* [Description of the task] An exact copy of every record is needed, with all pictures omitted.

* [Collection entries]

————————

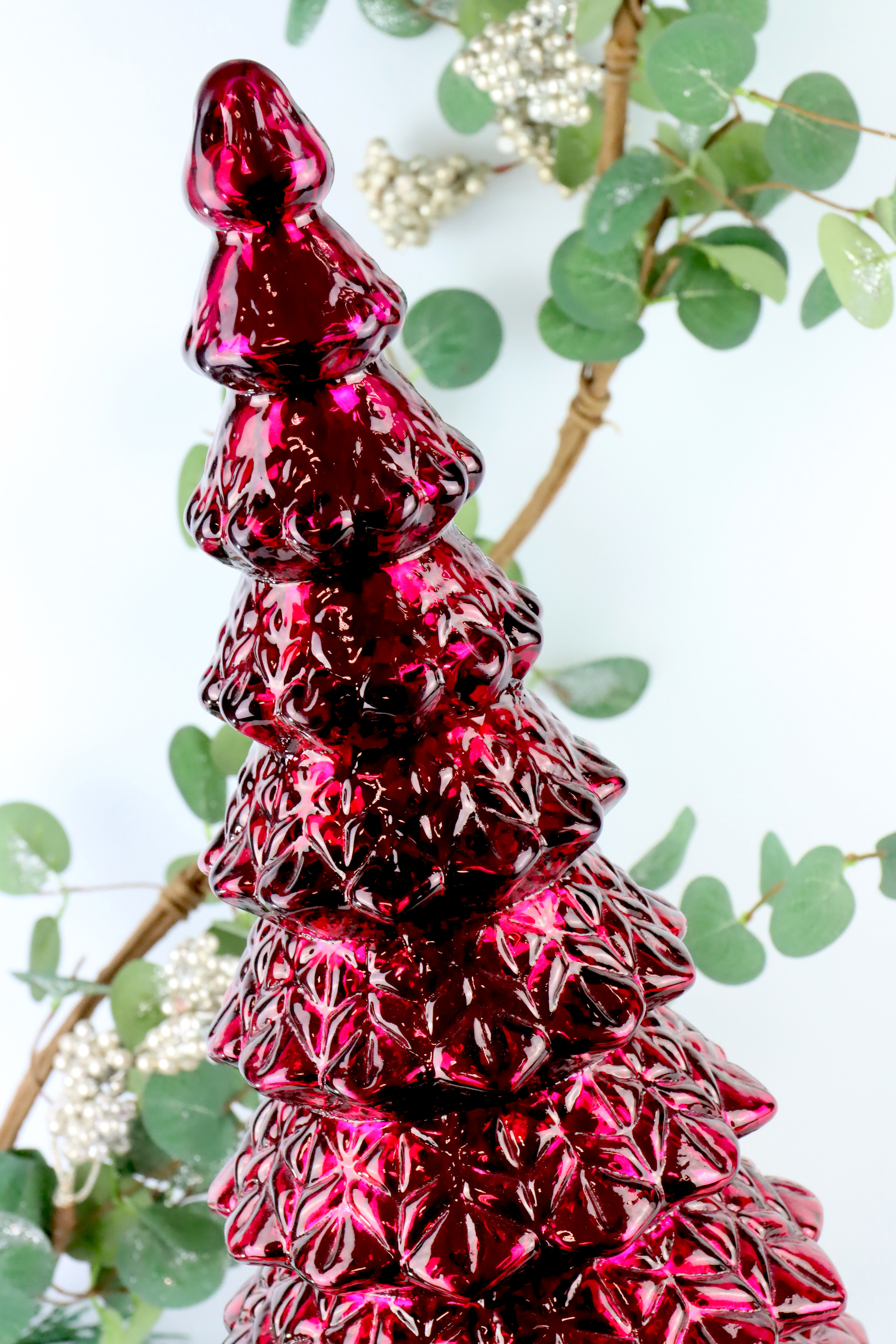Artículo nº 8342 - El árbol de cristal "Carnaval": un exquisito toque navideño para su hogar y su negocio de estilo de vida. Cree un auténtico ambiente navideño para sus clientes y acentúe una atmósfera acogedora con este árbol de cristal finamente elaborado en rojo resplandeciente.
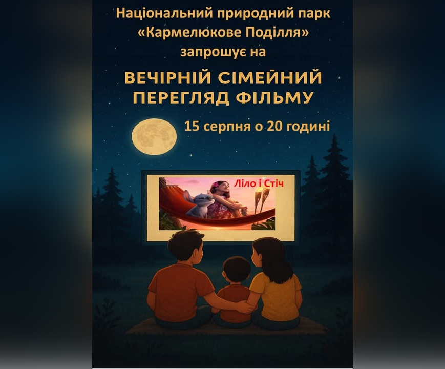 15 серпня на території адміністративної будівлі Національного природного парку «Кармелюкове Поділля» у смт Чечельник (вул. Свято-Михайлівська, 15) відбудеться відкритий показ мультфільму «Ліло і Стіч».
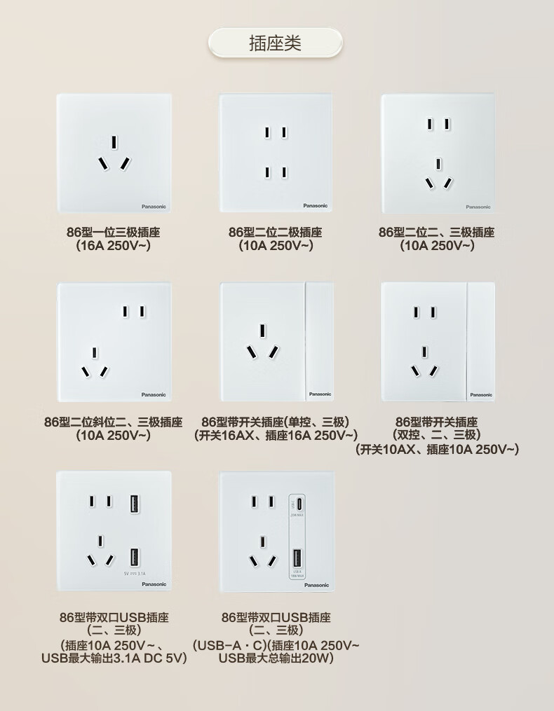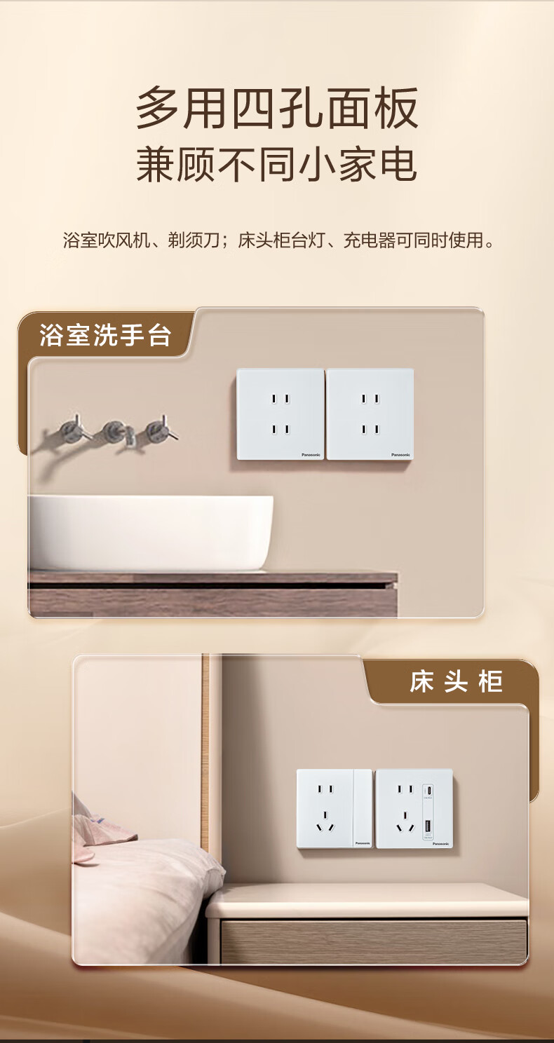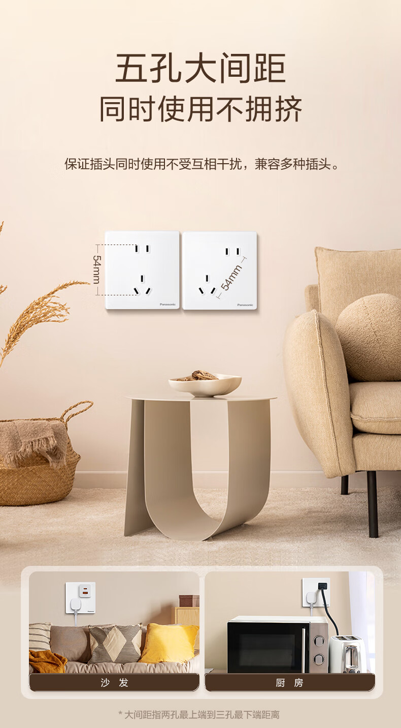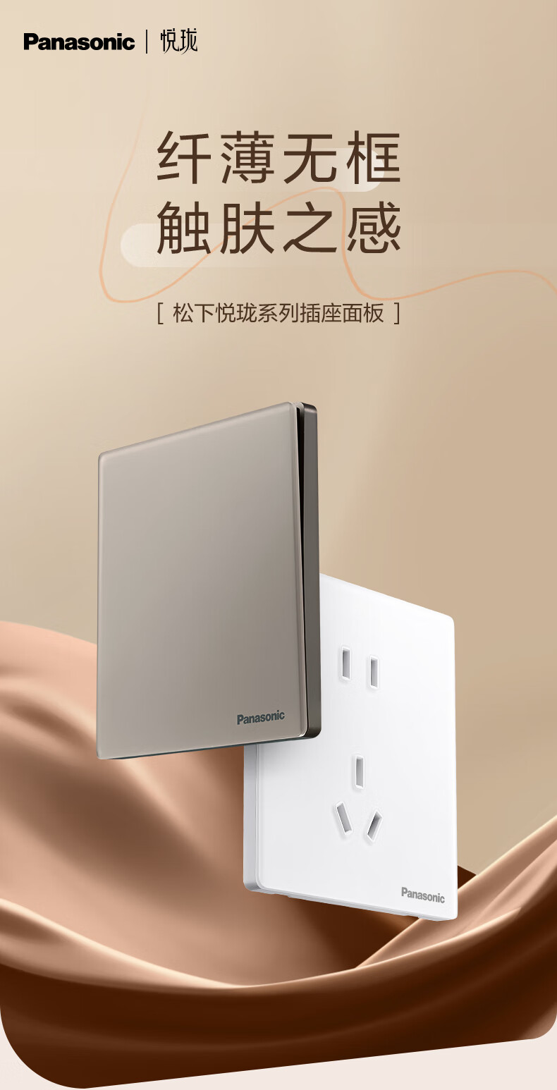 松下插座面板五孔二三插 强电源墙壁插座86型5孔10A 悦珑白色 一开双控五孔插座 WMWE623 插座
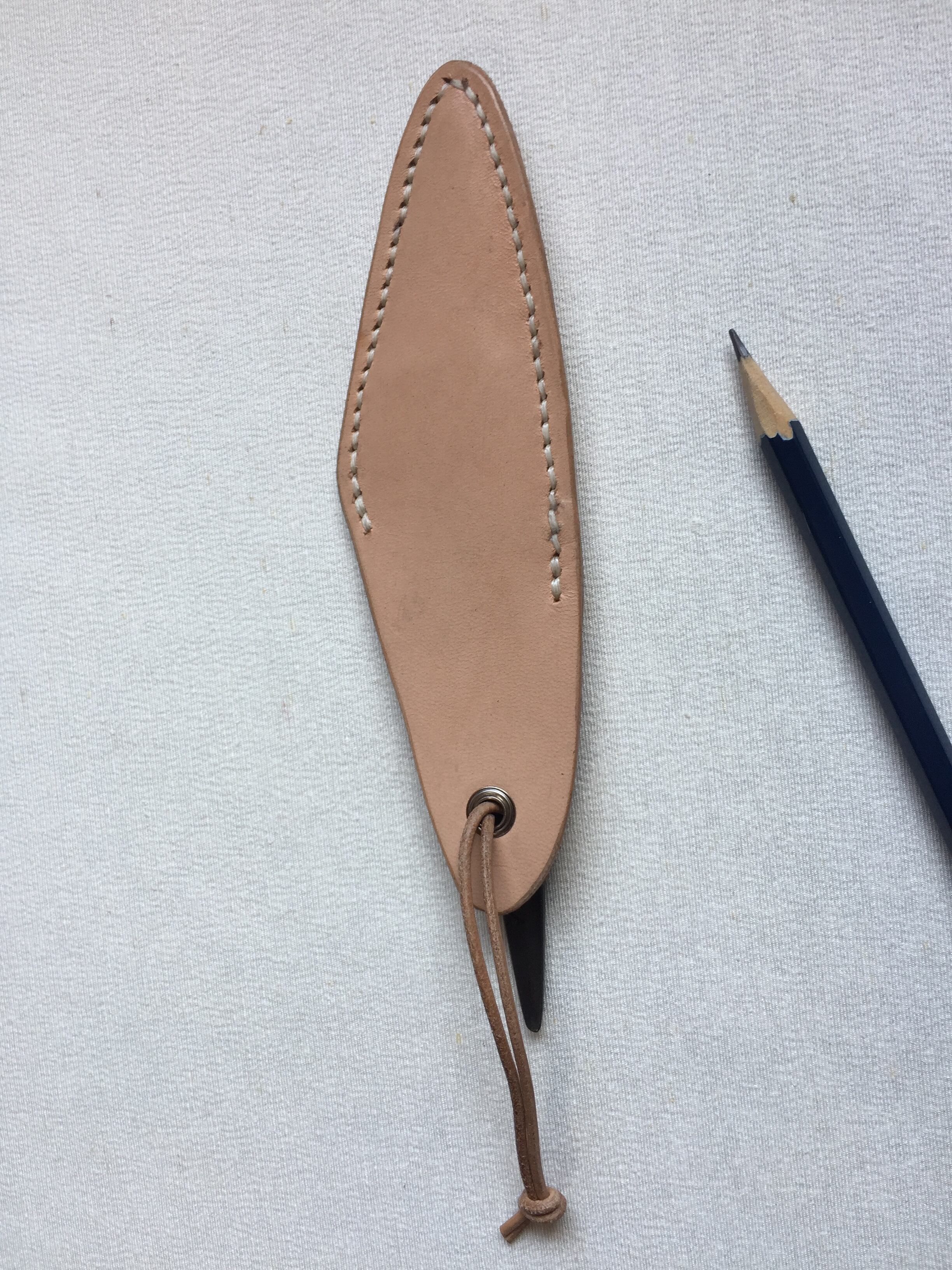 使うほどに味わいの生まれる革のケースは、それぞれ個性のある刀の姿にあわせ、日本刀の鞘のようにひとつひとつの小刀に丁寧にあつらえて制作していただいています。
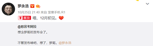 值得一提的是,罗永浩近日表示将于12月初召开发布会,但是此次发布会跟手机没关系。
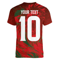 Custom Morocco National Football Women V-Neck T-Shirt Atlas Lions Sporty Abstract Pattern
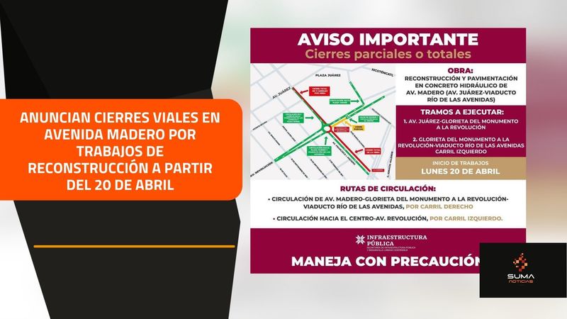 La Secretaría de Infraestructura Pública y Desarrollo Urbano Sostenible (SIPDUS) anuncia que, a partir de este lunes 20 de abril, se aplicarán nuevos cierres parciales y totales a la circulación derivados de los trabajos de reconstrucción y pavimentación en concreto hidráulico en la avenida Madero, tramo comprendido entre la avenida Juárez y el Viaducto Río de las Avenidas.
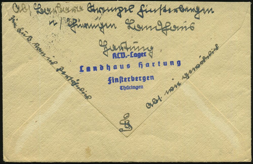| 3016 | 18 € | LUFT- & BOMBENKRIEG / KINDER-EVAKUIERUNG (KLV) / FLAK-EINHEITEN (1939-45) : FINSTERBERGEN/ (THÜRINGERW.) 1941 (12.4.) 1K-Brücke + rs. blauer 4L: K L V.-Lager/Landhaus Hartung/Finsterbergen.. , Fernbf. an (KLV-Lager ?) Bad Karlsbrunn, Ostsudetenl. (Mi.516 MeF) | | |
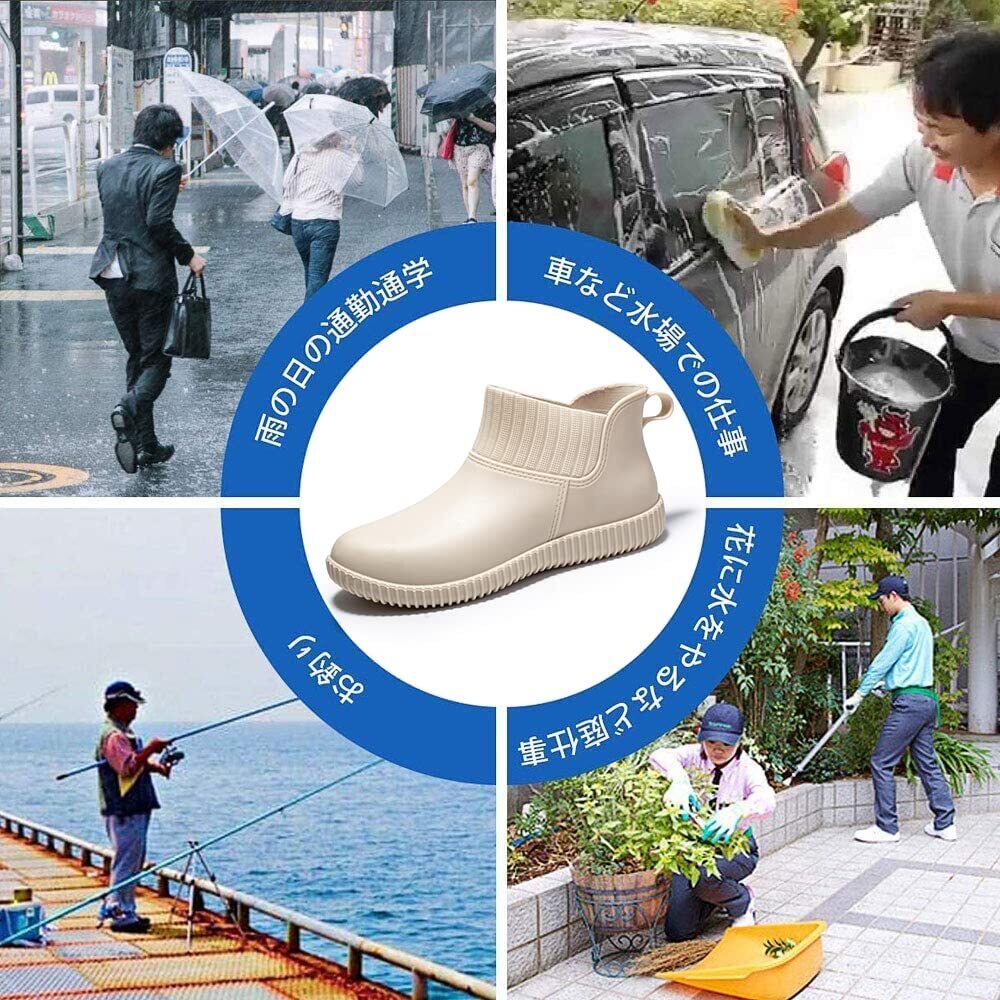 【快適でカッコいい】伝統な雨靴のイメージを一転し、雨の日に使うだけではなく、晴れた日に履いてもオシャレなレインブーツです。帰宅時に雨がやんでいても違和感なく使える晴雨兼用デザインとなっております。柔軟性のある天然ゴムを採用し屈曲性に優れ、防水性も抜群で、長時間履いても快適な履き心地を実現します。

————————

* [Solution to the problem]
Artículo nº 8342 - El árbol de cristal "Carnaval": un exquisito toque navideño para su hogar y su negocio de estilo de vida. Cree un auténtico ambiente navideño para sus clientes y acentúe una atmósfera acogedora con este árbol de cristal finamente elaborado en rojo resplandeciente.
 15 серпня на території адміністративної будівлі Національного природного парку «Кармелюкове Поділля» у смт Чечельник (вул. Свято-Михайлівська, 15) відбудеться відкритий показ мультфільму «Ліло і Стіч».
 松下插座面板五孔二三插 强电源墙壁插座86型5孔10A 悦珑白色 一开双控五孔插座 WMWE623 插座
 使うほどに味わいの生まれる革のケースは、それぞれ個性のある刀の姿にあわせ、日本刀の鞘のようにひとつひとつの小刀に丁寧にあつらえて制作していただいています。
 值得一提的是,罗永浩近日表示将于12月初召开发布会,但是此次发布会跟手机没关系。
 Custom Morocco National Football Women V-Neck T-Shirt Atlas Lions Sporty Abstract Pattern
 La Secretaría de Infraestructura Pública y Desarrollo Urbano Sostenible (SIPDUS) anuncia que, a partir de este lunes 20 de abril, se aplicarán nuevos cierres parciales y totales a la circulación derivados de los trabajos de reconstrucción y pavimentación en concreto hidráulico en la avenida Madero, tramo comprendido entre la avenida Juárez y el Viaducto Río de las Avenidas.
| 3016 | 18 € | LUFT- & BOMBENKRIEG / KINDER-EVAKUIERUNG (KLV) / FLAK-EINHEITEN (1939-45) : FINSTERBERGEN/ (THÜRINGERW.) 1941 (12.4.) 1K-Brücke + rs. blauer 4L: K L V.-Lager/Landhaus Hartung/Finsterbergen.. , Fernbf. an (KLV-Lager ?) Bad Karlsbrunn, Ostsudetenl. (Mi.516 MeF) | | |
 【快適でカッコいい】伝統な雨靴のイメージを一転し、雨の日に使うだけではなく、晴れた日に履いてもオシャレなレインブーツです。帰宅時に雨がやんでいても違和感なく使える晴雨兼用デザインとなっております。柔軟性のある天然ゴムを採用し屈曲性に優れ、防水性も抜群で、長時間履いても快適な履き心地を実現します。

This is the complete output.